--- Your instructions ---
Go to the line with "storage or decor." in the entries below and write out every line from there through the line with "乌兰察布市冬季清洁取暖三年实施方案(2022—2024年)", exactly and without pictures.

--- Exercise data ---
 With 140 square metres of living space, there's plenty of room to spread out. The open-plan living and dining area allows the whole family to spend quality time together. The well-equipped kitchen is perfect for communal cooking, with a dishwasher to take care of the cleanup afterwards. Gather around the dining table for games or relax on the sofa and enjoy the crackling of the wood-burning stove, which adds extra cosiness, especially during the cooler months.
* * *
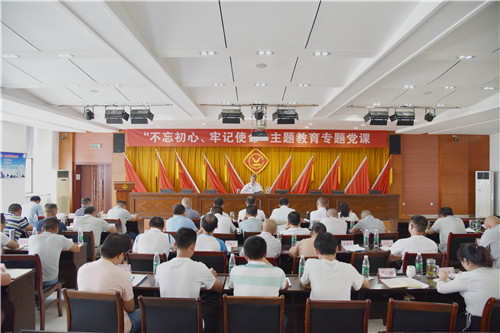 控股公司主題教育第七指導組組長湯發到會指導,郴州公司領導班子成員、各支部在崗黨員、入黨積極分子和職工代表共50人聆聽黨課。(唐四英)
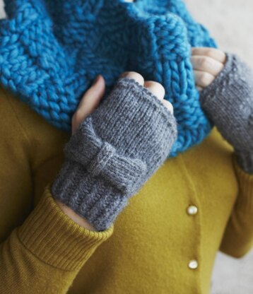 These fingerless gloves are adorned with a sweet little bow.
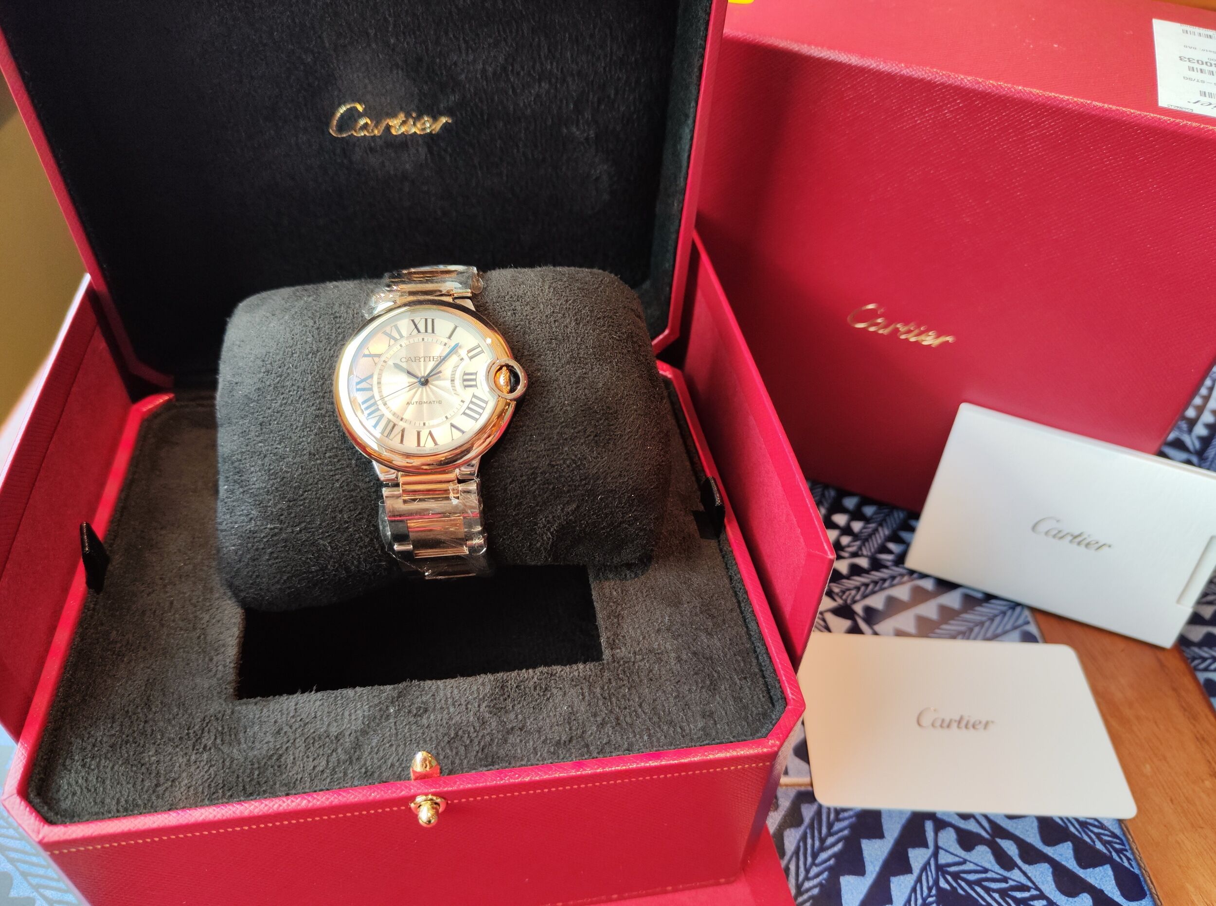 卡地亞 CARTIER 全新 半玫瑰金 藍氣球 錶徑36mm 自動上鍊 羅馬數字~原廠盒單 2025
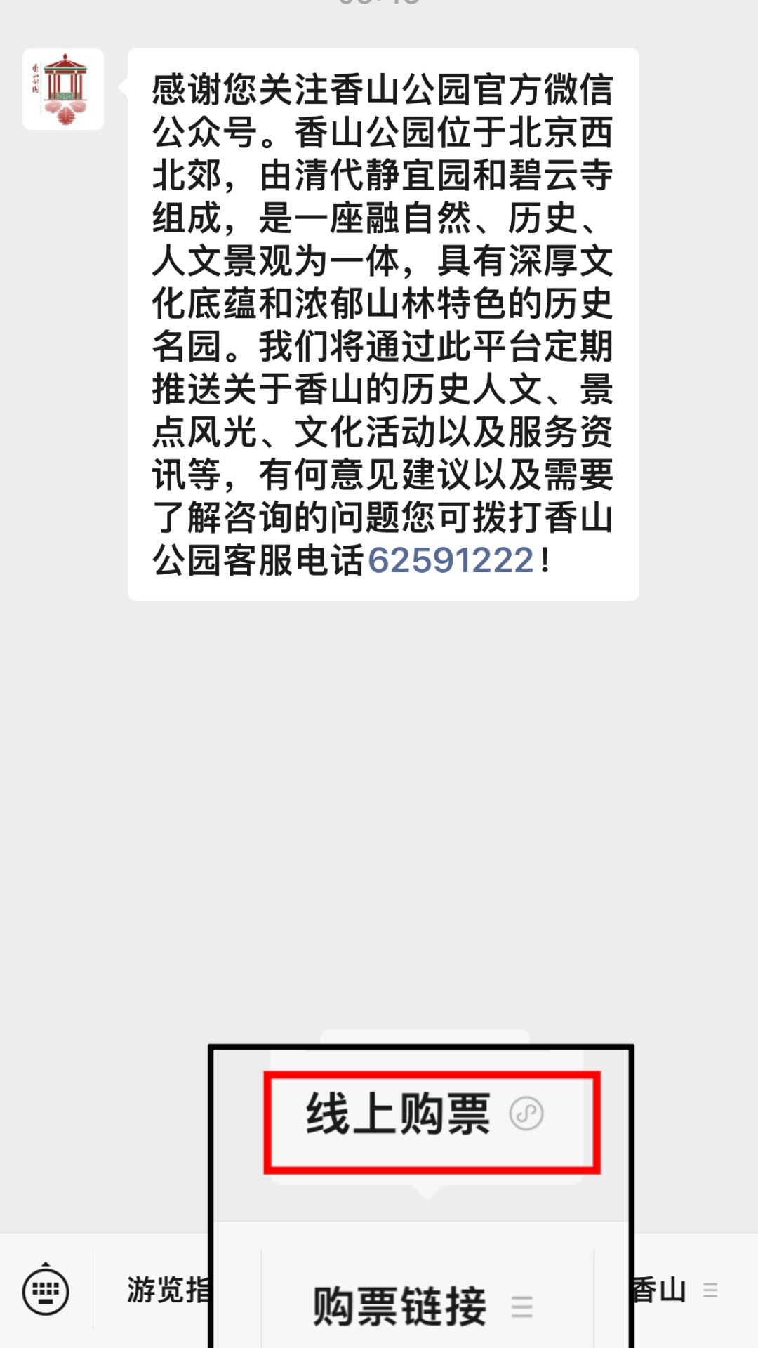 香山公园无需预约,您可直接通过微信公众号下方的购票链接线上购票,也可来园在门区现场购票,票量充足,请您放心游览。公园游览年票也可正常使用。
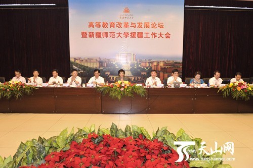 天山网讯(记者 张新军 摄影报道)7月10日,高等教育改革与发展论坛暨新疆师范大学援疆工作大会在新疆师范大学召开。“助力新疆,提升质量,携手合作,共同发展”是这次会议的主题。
* * *
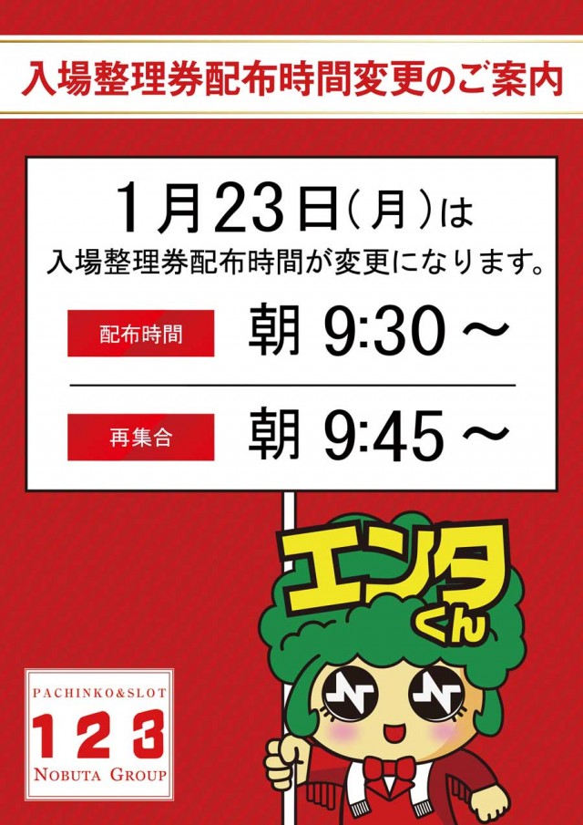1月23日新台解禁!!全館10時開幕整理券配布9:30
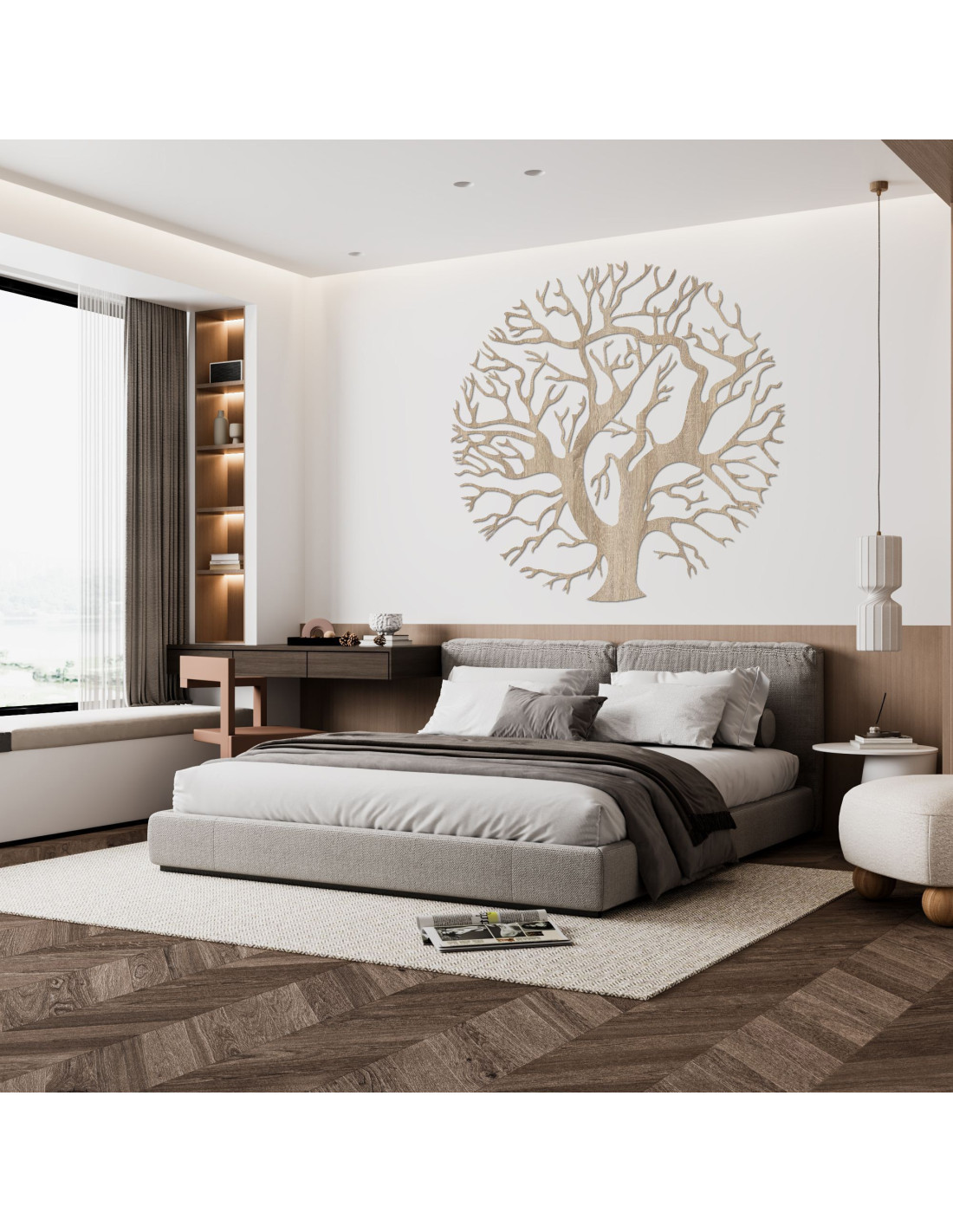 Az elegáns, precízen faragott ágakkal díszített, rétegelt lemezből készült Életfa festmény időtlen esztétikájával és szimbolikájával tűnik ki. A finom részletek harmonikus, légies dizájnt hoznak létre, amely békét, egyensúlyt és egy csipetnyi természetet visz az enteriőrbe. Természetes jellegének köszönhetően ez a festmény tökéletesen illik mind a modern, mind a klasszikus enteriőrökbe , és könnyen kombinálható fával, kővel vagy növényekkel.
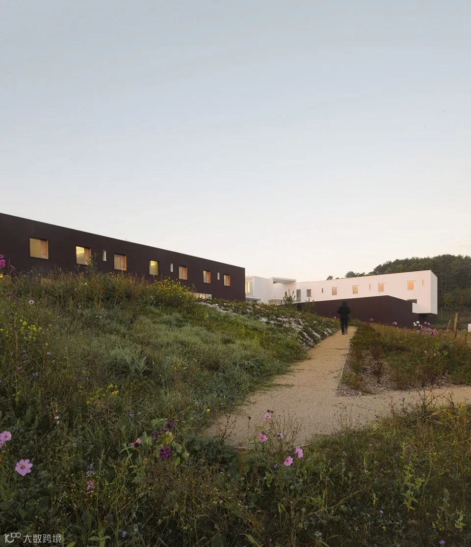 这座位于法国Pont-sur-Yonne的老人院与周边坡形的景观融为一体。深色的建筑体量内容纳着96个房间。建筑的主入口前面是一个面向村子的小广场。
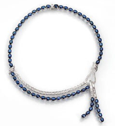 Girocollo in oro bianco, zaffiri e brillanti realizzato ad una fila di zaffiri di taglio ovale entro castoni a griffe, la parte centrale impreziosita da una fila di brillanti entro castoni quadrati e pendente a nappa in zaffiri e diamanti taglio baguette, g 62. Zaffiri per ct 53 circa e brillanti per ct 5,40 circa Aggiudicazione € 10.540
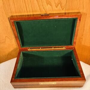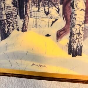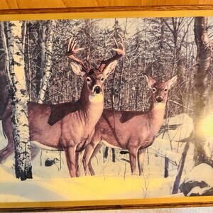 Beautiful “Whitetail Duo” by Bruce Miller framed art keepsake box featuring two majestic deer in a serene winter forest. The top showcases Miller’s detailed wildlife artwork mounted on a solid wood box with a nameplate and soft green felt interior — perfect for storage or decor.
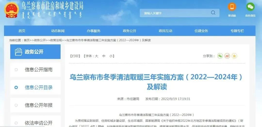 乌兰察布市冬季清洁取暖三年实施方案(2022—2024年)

--- Task result ---
 Beautiful “Whitetail Duo” by Bruce Miller framed art keepsake box featuring two majestic deer in a serene winter forest. The top showcases Miller’s detailed wildlife artwork mounted on a solid wood box with a nameplate and soft green felt interior — perfect for storage or decor.
 乌兰察布市冬季清洁取暖三年实施方案(2022—2024年)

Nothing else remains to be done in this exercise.